I’ve broken out discussion of the “original” work, how we host it and we link to it, in a companion post here.
There are HOW-TO posts on this site that cover the mechanics of operating software. But first, we will need to consider options, make a plan, and create that all-important template.
(Later in the post, I will provide links to Creative-Commons-ready starter templates that you can easily customize for your own needs.)
You’ll need software that can write IPTC metadata to your files. On this blog, I cover five popular graphics programs that can – Photo Mechanic, XnView, and the Adobe suite. (There are links to some HOW-TOs further down.) None of these programs is Open Source, I’m afraid. We’ll talk about that later.
For a survey of how (and how well) some programs handle metadata, see this post.
We’ll need to define what sort of information we are going to communicate and how best to do that. It’s actually the same thought process whether we are using Creative Commons or a commercial, “all rights reserved” sort of license.
When you look at your metadata editing software, you’ll see a bunch of fields, into which we’ll put data to describe our work. The fields you’re looking at are defined by the IPTC standard. The IPTC standard describes a schema. It tells us what the fields are and what kind of data goes in them.
Acronym alert! When people talk about metadata on photos, they throw around a bunch of terms. As often as not, incorrectly. It actually IS confusing. I try to be as sane about it as I can. And there’s a glossary here.
Think big picture
For our metadata we’re going to apply a strategy of communicating as clearly as possible, to the broadest audience possible, and we’ll keep an eye making our metadata as durable as possible. We want make it last as far into the future as we can.
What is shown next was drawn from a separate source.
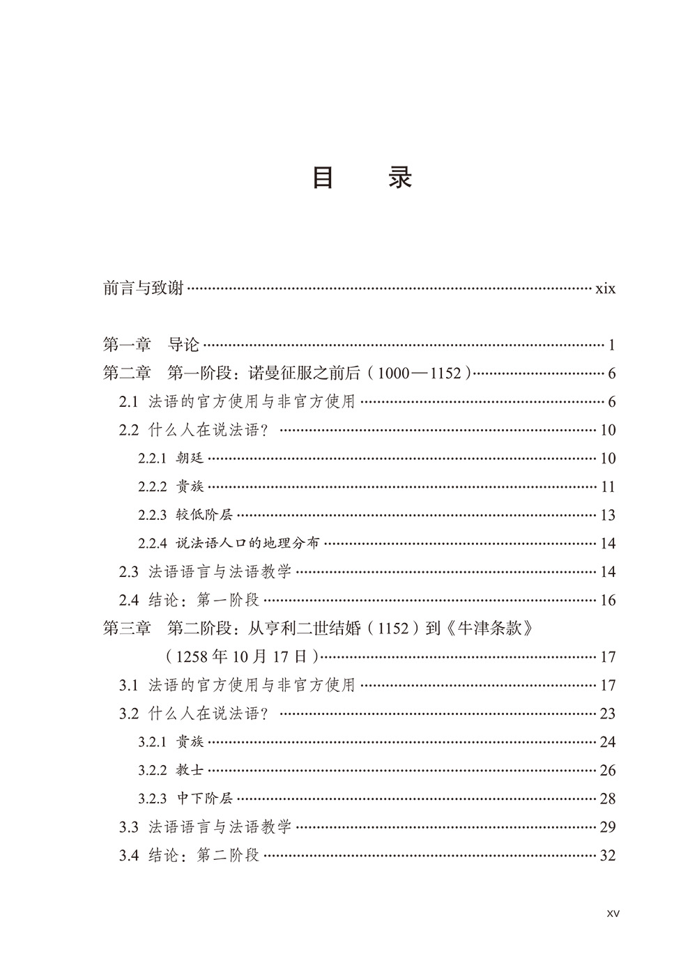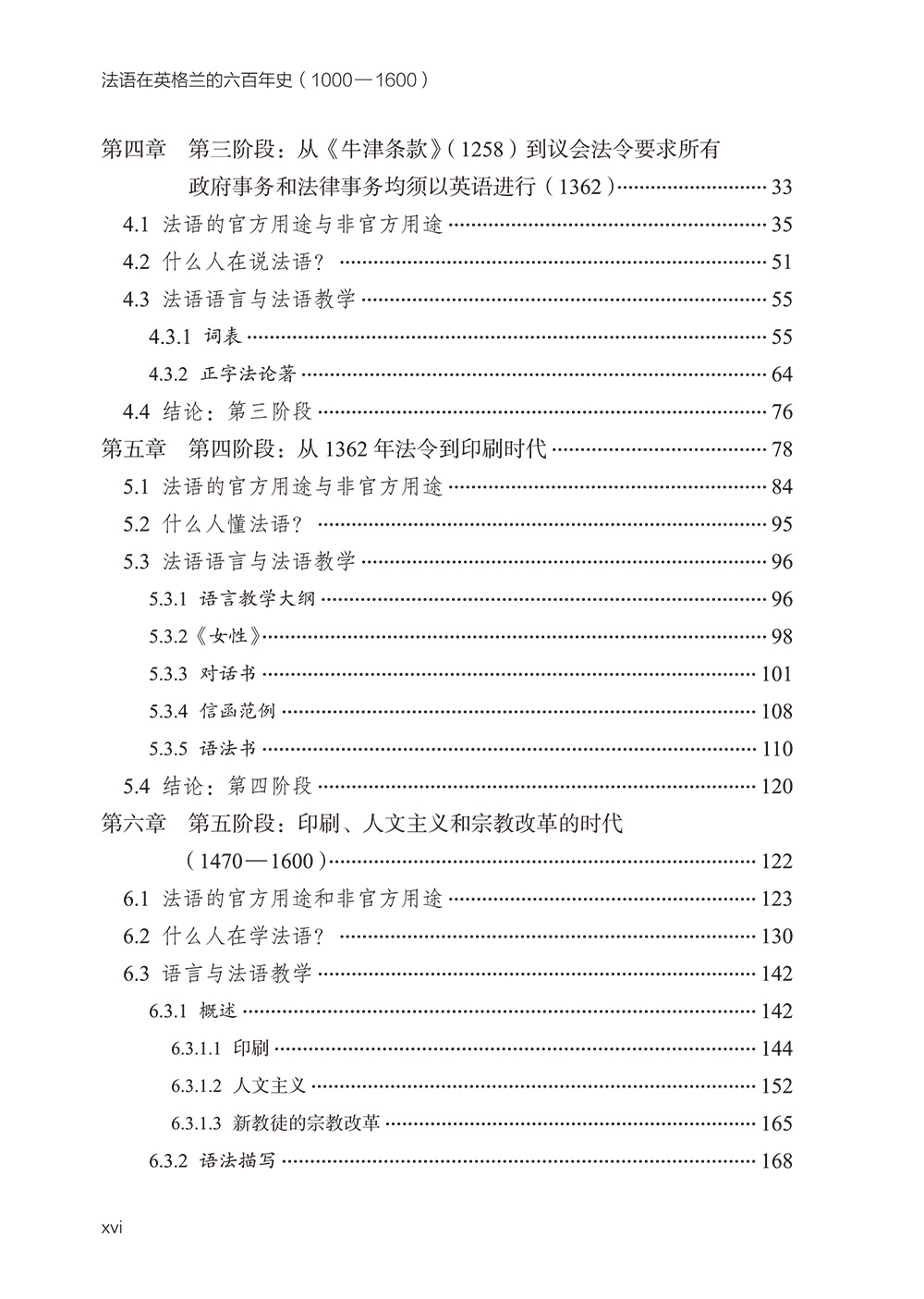 《法语在英格兰的六百年史(1000-1600)》是一部语言教学史,同时也细致描述了公元1000年至1600年间法语和英语的语言关系史。全书共七章,分五个阶段对法语在英格兰的使用状况做了论述。每个阶段均论述了法语在英格兰的地位、说法语的人群、法语的教学三个主题,围绕语言政策、语言与社会、语言教学方法等领域展开,同时涉及各个时期的历史背景、社会文化思潮、媒介技术革新等影响因素。

Our IPTC metadata is carried in two data blocks within our files – IIM (sometimes, confusingly, but not actually wrongly, called “IPTC/IIM”) and XMP. The core fields are duplicated in each.
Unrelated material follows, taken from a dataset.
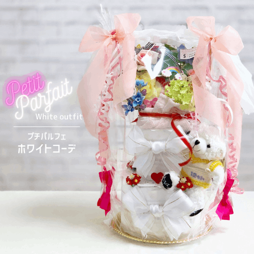 プチサイズ2段 おむつケーキ女の子 プチパルフェ ホワイトコーデ

Then, there are extended fields that appear only in the XMP. There are even some special-for-Creative Commons XMP fields. (Although virtually no software can actually read them.) We will plan our strategy with all this mind. We’ll make sure our core information is first in the IIM – and especially in the caption, which may be the only field a user sees – and then we’ll populate fields that only appear in the XMP to future-proof our work.
The most important bit
Let’s start with that caption. A good caption communicates what is depicted in a photo. We need that. A good caption includes a byline – that’s the attribution we need. When someone publishes a picture, they usually publish it with a caption. Often, the very caption we provide them, word for word.
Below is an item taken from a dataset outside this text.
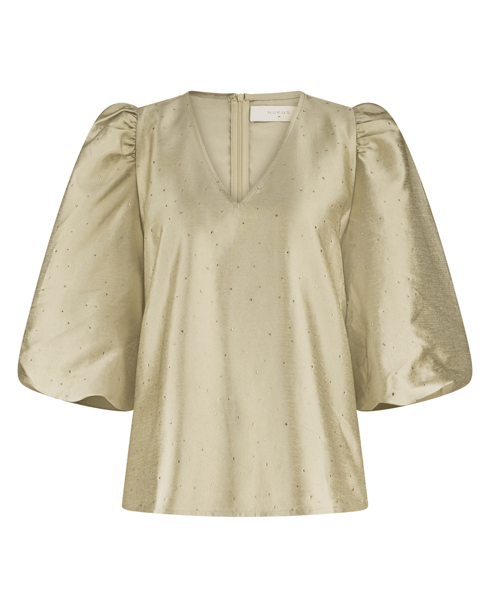 Delilah – Dames top van Nukus met strass, V-hals en korte pofmouwen

The caption is the piece of metadata most likely to seen by user/publishers. Most operating systems will display captions in their properties dialogs (although not reliably in Windows). Most halfway competent photo browsing software will at least display captions. WordPress and many other web CMSes, including every professional publishing system I have ever used, will automatically place captions with their pictures on the page, assuming that the picture has a caption, of course.
If I place a picture that has a caption in this post, in WordPress, I’ll see something like this automatically:
A quick edit and we get:
If we communicate everything that we really, seriously, need to communicate about our picture in the caption, we’ll be good.
But it’s not that simple. There are competing goals for our caption. It’s got to be comprehensive, yes, but it has to be publishable, just as we write it. Many publishers are just going to use the information we give them, verbatim. Some are going to let automated systems place the caption. And what we present must be palatable to over-worked editors and designers.
So, the caption may be our only shot at getting the message across, including attribution and licensing details on the one hand, and it needs to be concise, tidy and professional-looking on the other. We must balance competing interests here. But we do have other fields to help us.
The first part of the caption is the, well, caption part. Here, we have to tell the future world what’s going on in the image.
The most standard form of a caption begins with a sentence in present tense, active voice, that states who or what is in the picture and what is going on. Then one or more subsequent sentences, in whatever tense makes sense, provide background and context. (This, by the way, is AP Style, the most commonly accepted standard for such things.) For Creative Commons, we have the same goals as the AP does, and more, given that a CC work is meant to be usable in the distant future. And we have to communicate about the license.
Our caption needs a byline, too. Usually this is in a form like, “Photo by Joe Photographer/Some Organization.”
For Creative Commons, we’ll need to be a little, ahem, creative here. In our byline, we want to provide for would-be publishers attribution that meets the requirements of the Creative Commons license, which means we need to state the photographer’s name (OK. We’ve got that.), the license used (Getting trickier. There are six to choose from, remember.), a URL for the authoritative version of the file (How the heck are we going to do that?), and on top of all that, we should, if we can, include a link to the license itself. (Good heavens.)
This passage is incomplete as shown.